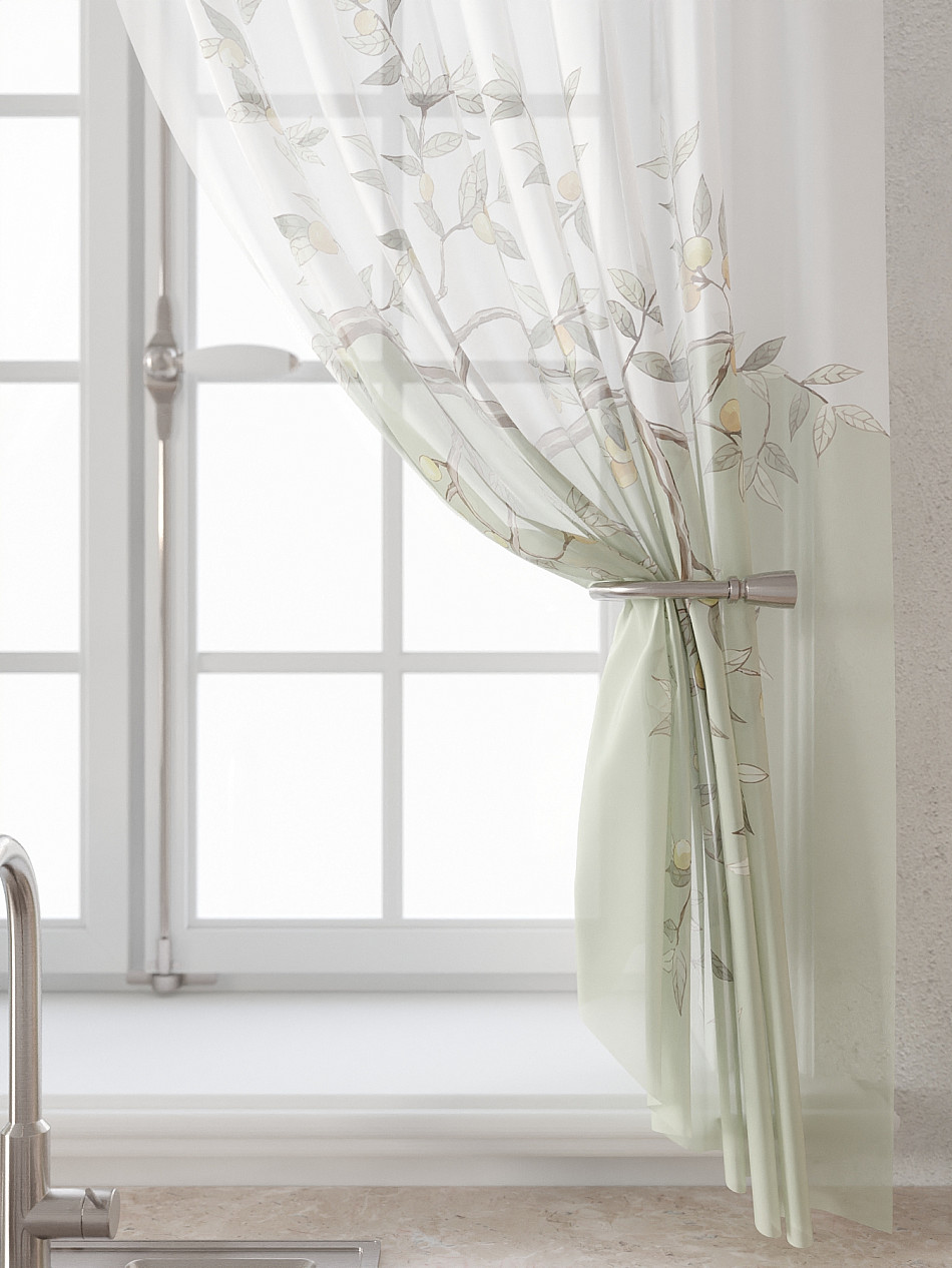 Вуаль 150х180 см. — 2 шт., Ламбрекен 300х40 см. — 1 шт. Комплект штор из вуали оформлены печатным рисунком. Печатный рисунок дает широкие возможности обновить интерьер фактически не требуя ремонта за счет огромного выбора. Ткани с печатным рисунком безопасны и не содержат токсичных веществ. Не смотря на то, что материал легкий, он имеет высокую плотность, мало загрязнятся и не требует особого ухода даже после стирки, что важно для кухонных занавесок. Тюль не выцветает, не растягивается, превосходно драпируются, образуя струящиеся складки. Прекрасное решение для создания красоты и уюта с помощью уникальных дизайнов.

==

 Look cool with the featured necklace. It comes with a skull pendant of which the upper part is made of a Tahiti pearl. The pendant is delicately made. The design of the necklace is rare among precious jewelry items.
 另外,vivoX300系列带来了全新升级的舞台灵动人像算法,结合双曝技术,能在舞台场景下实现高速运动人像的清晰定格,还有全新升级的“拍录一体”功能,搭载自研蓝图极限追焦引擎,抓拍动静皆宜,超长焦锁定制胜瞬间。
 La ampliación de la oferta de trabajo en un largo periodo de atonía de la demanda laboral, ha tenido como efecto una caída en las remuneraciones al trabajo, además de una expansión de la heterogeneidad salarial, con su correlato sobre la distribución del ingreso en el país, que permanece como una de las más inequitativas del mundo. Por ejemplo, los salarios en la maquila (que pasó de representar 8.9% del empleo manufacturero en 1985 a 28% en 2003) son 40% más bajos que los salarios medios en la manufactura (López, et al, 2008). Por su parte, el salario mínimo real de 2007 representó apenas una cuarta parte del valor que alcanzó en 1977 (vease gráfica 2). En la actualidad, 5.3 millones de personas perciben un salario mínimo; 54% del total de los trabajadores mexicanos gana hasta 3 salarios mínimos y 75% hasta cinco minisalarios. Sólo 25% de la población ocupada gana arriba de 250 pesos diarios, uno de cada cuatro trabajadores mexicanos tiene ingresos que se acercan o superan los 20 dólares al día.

...

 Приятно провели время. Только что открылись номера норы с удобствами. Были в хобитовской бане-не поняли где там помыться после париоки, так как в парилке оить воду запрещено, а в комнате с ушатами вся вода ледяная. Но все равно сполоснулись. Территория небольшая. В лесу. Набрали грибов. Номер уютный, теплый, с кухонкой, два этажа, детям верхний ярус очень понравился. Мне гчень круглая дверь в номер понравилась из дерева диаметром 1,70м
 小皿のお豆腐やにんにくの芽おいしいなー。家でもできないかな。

Task instructions
From the records above, transcribe exactly the run of lines that opens with the line holding "Приятно провели время." and closes with the line holding "小皿のお豆腐やにんにくの芽おいしいなー。家でもできないかな。", both included.

Solution
 Приятно провели время. Только что открылись номера норы с удобствами. Были в хобитовской бане-не поняли где там помыться после париоки, так как в парилке оить воду запрещено, а в комнате с ушатами вся вода ледяная. Но все равно сполоснулись. Территория небольшая. В лесу. Набрали грибов. Номер уютный, теплый, с кухонкой, два этажа, детям верхний ярус очень понравился. Мне гчень круглая дверь в номер понравилась из дерева диаметром 1,70м
 小皿のお豆腐やにんにくの芽おいしいなー。家でもできないかな。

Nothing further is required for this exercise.